If a simple-looking game like Go has so many possible states, imagine the game of life. The number of possible states is truly and completely infinite, in the most infinite sense of the word infinity. We still manage to move forward and, most interestingly, discover new science. We are able to because we are guided by our innate sense of beauty that has guided us with an intuitive sense of valuing states. When you learn new science, and you truly understand, you experience that sense of beauty. Over time you hone that sense and start recognizing new ideas that have the potential of greatness.

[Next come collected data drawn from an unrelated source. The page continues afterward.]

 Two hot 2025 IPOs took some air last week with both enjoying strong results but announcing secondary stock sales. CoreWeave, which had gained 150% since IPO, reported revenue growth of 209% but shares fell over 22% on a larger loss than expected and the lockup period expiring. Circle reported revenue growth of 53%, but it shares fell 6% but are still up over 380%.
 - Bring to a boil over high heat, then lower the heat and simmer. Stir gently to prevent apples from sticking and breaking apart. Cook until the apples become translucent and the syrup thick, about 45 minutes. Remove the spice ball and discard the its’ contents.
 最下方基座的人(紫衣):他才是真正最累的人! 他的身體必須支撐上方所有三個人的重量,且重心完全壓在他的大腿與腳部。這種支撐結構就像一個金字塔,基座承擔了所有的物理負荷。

An AI does not yet have that ability to distinguish beauty or feel that trembling sense of awe when you understand how sunlight is converted to glucose in chlorophyll, and how that is responsible for the complex life on earth. It even applies to other humans; we see beauty in people (both physical and beyond), it is that same sense at play. The truly deep experiencers of life have figured out a way to recognize this sense of beauty at levels deeper than the our automatic reflex sense.
We all have the mechanism to recognize beauty, it is on us to put it into practice.